In a single cluster, you can have as many nodes as you want. Furthermore, if there are no other Elasticsearch nodes currently running on your network, starting a single node will by default form a new single-node cluster named elasticsearch.
Index
An index is a collection of documents that have somewhat similar characteristics. For example, you can have an index for customer data, another index for a product catalog, and yet another index for order data. An index is identified by a name (that must be all lowercase) and this name is used to refer to the index when performing indexing, search, update, and delete operations against the documents in it.
In a single cluster, you can define as many indexes as you want.
Type(Deprecated in 6.0.0.)
A type used to be a logical category/partition of your index to allow you to store different types of documents in the same index, e.g. one type for users, another type for blog posts. It is no longer possible to create multiple types in an index, and the whole concept of types will be removed in a later version. See Removal of mapping types for more.
Document
A document is a basic unit of information that can be indexed. For example, you can have a document for a single customer, another document for a single product, and yet another for a single order. This document is expressed in JSON (JavaScript Object Notation) which is a ubiquitous internet data interchange format.
Within an index/type, you can store as many documents as you want. Note that although a document physically resides in an index, a document actually must be indexed/assigned to a type inside an index.
Shards & Replicas
An index can potentially store a large amount of data that can exceed the hardware limits of a single node. For example, a single index of a billion documents taking up 1TB of disk space may not fit on the disk of a single node or may be too slow to serve search requests from a single node alone.
To solve this problem, Elasticsearch provides the ability to subdivide your index into multiple pieces called shards. When you create an index, you can simply define the number of shards that you want. Each shard is in itself a fully-functional and independent "index" that can be hosted on any node in the cluster.
Sharding is important for two primary reasons:
- It allows you to horizontally split/scale your content volume
- It allows you to distribute and parallelize operations across shards (potentially on multiple nodes) thus increasing performance/throughput
The mechanics of how a shard is distributed and also how its documents are aggregated back into search requests are completely managed by Elasticsearch and is transparent to you as the user.
In a network/cloud environment where failures can be expected anytime, it is very useful and highly recommended to have a failover mechanism in case a shard/node somehow goes offline or disappears for whatever reason. To this end, Elasticsearch allows you to make one or more copies of your index’s shards into what are called replica shards, or replicas for short.

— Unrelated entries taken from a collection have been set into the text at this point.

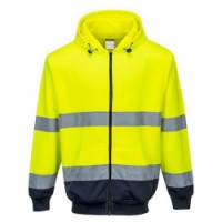 Nadčasová mikina na zip reflexními prvky pro vysokou viditelnost. Stahovací kapuce, elastický pás a manžety pro pohodlné nošení, velké kapsy pro ukládání věcí. Tkanina odráží 98 % UV záření (50+ UPF). Vyrobeno z 65% polyesteru a 35% bavlny 300 g. Splňuje normy EN ISO 20471 Třída 3; AS/NZS 4602.1:2011 Class D/N.Reflexní mikina Elfi Hi-Vis na zip, žlutá/modrá
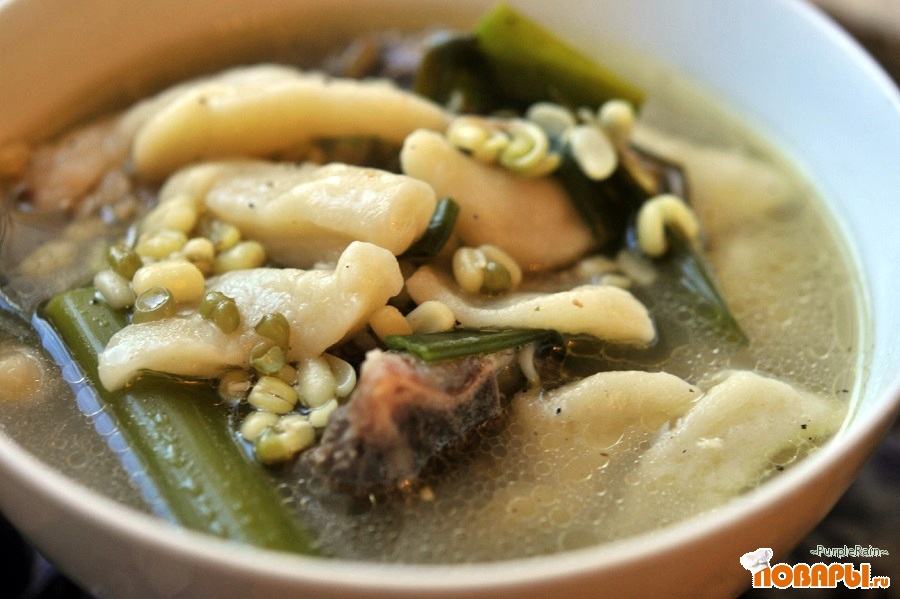 Как только бульон будет готов и мясо сварится, положите отвариваться проросший маш. В среднем на это уйдет минут 20. Не забудьте посолить.
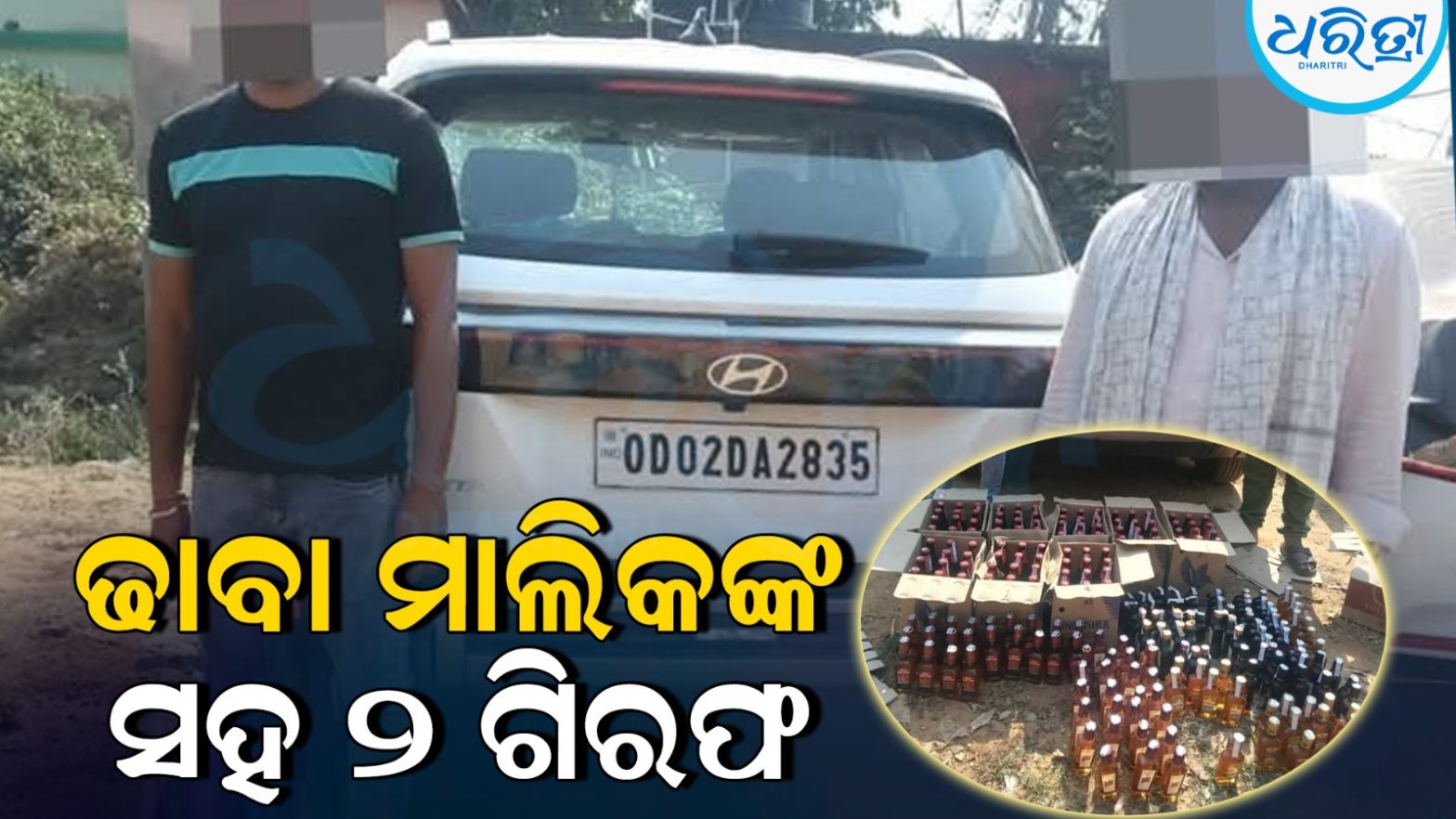 ବିପୁଳ ମଦ ସହ କାର୍ ଜବତ, ଢାବା ମାଲିକଙ୍କ ସମେତ ୨ ଗିରଫ

Replication is important for two primary reasons:
- It provides high availability in case a shard/node fails. For this reason, it is important to note that a replica shard is never allocated on the same node as the original/primary shard that it was copied from.
- It allows you to scale out your search volume/throughput since searches can be executed on all replicas in parallel.
To summarize, each index can be split into multiple shards. An index can also be replicated zero (meaning no replicas) or more times. Once replicated, each index will have primary shards (the original shards that were replicated from) and replica shards (the copies of the primary shards).
The number of shards and replicas can be defined per index at the time the index is created. After the index is created, you may also change the number of replicas dynamically anytime. You can change the number of shards for an existing index using the _shrink and _split APIs, however this is not a trivial task and pre-planning for the correct number of shards is the optimal approach.
By default, each index in Elasticsearch is allocated 5 primary shards and 1 replica which means that if you have at least two nodes in your cluster, your index will have 5 primary shards and another 5 replica shards (1 complete replica) for a total of 10 shards per index.
总结
A cluster is a collection of one or more nodes (servers)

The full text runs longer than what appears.